The ‘idol of Ireland’ is assassinated
Republican leader Michael Collins is killed in a shoot-out with anti-treaty forces
Early on Tuesday 22 August 1922, Michael Collins left Cork’s Imperial Hotel to visit his troops in rural West Cork. The Irish Civil War was just two months old, but Collins’s Free State army manifestly had the upper hand. Some speculated that he was hoping to strike a deal with his adversaries in the IRA, who opposed the treaty that had secured only partial independence from Britain. Given that West Cork was an IRA heartland, many thought Collins was inviting a sniper’s bullet. But he was more optimistic. “Don’t suppose,” he said, “I will be ambushed in my own county.”
Some time before 8pm, Collins’s convoy was on its way back through the hamlet of Béal na Bláth when anti-Treaty men opened fire. His friend Emmet Dalton shouted to keep driving, but Collins yelled: “No, stop and we’ll fight ’em,” and began firing back. What followed was a few confused moments of shouting and shooting. Then the firing stopped and Dalton heard a cry: “Emmet, I am hit.”

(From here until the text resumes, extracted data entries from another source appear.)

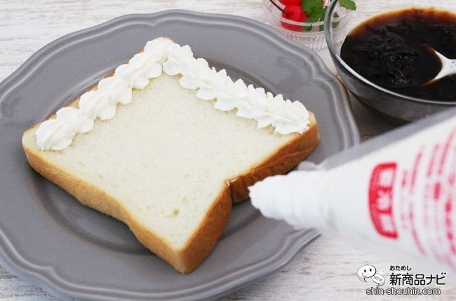 生クリームを食パンに縁取るように絞っていく。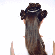 Step 4.将两侧和脑后的头发也照这样做成4~5组发髻,你就可以去睡觉了,第二天醒来只要把头发拆开即可。
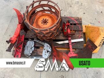 Il motocoltivatore viene venduto completo di una serie di accessori: aratro bivomere, ruote in ferro, zavorra anteriore e assolcatore posteriore.

In Dalton’s words, they “rushed to the spot, fear clutching our hearts”. In the lane was their “beloved chief… a gaping wound at the base of his skull. We immediately saw that he was almost beyond human aid; he did not speak.” A few moments later, Collins was dead. “How can I describe the feelings that were then mine, kneeling in the mud of a country road,” wrote Dalton, “with the still bleeding head of the idol of Ireland resting in my arms.”